== Problem description ==
Output the full listing below exactly, without the pictures.

(Source data)

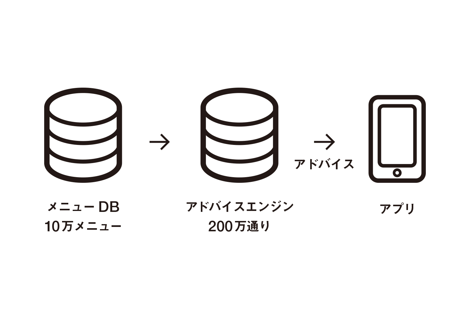 用意したメニューは約10万。それぞれのメニューに対してカロリーと各栄養素がどれくらい入っているのかを設定し、メニューの組み合わせに対応する管理栄養士のコメントは約200万通りを用意したそうです。このアルゴリズムの制作におよそ1年をかけ、アプリにするために開発を始めたのが平成27(2015)年の9月。その半年後にリリースしました。
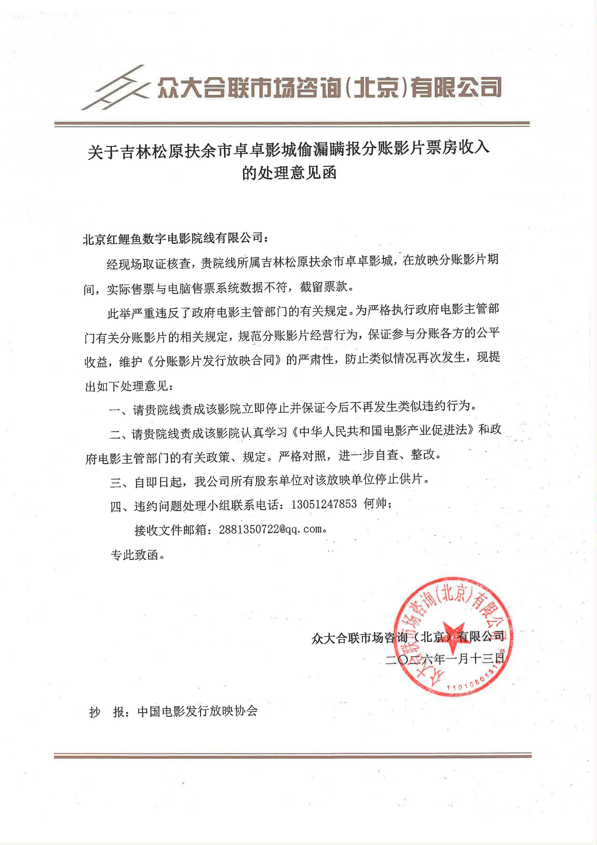 关于吉林松原扶余市卓卓影城偷漏瞒报分账影片票房收入的处理意见函
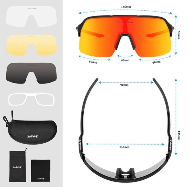 Durable and lightweight frame- designed for comfort and speed- Three-point fit - Interchangeable lenses- Frame suitable for all faces - No-slip ear and nose pieces -Kit includes: Sport case, micro bag, extra alternative fit nose pad and spare replacement lenses
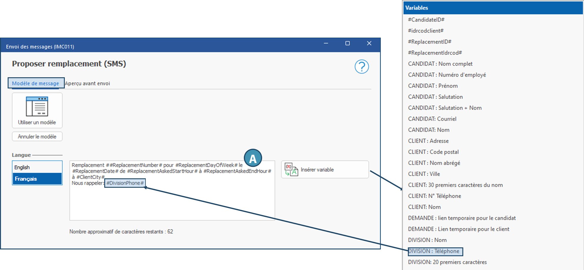 Nombre de caractères restants : indique le nombre de caractères que vous pouvez ajouter dans le SMS sans dépasser la limite.

(End Source data)

== Finished exercise ==
 用意したメニューは約10万。それぞれのメニューに対してカロリーと各栄養素がどれくらい入っているのかを設定し、メニューの組み合わせに対応する管理栄養士のコメントは約200万通りを用意したそうです。このアルゴリズムの制作におよそ1年をかけ、アプリにするために開発を始めたのが平成27(2015)年の9月。その半年後にリリースしました。
 关于吉林松原扶余市卓卓影城偷漏瞒报分账影片票房收入的处理意见函
 Durable and lightweight frame- designed for comfort and speed- Three-point fit - Interchangeable lenses- Frame suitable for all faces - No-slip ear and nose pieces -Kit includes: Sport case, micro bag, extra alternative fit nose pad and spare replacement lenses
 Nombre de caractères restants : indique le nombre de caractères que vous pouvez ajouter dans le SMS sans dépasser la limite.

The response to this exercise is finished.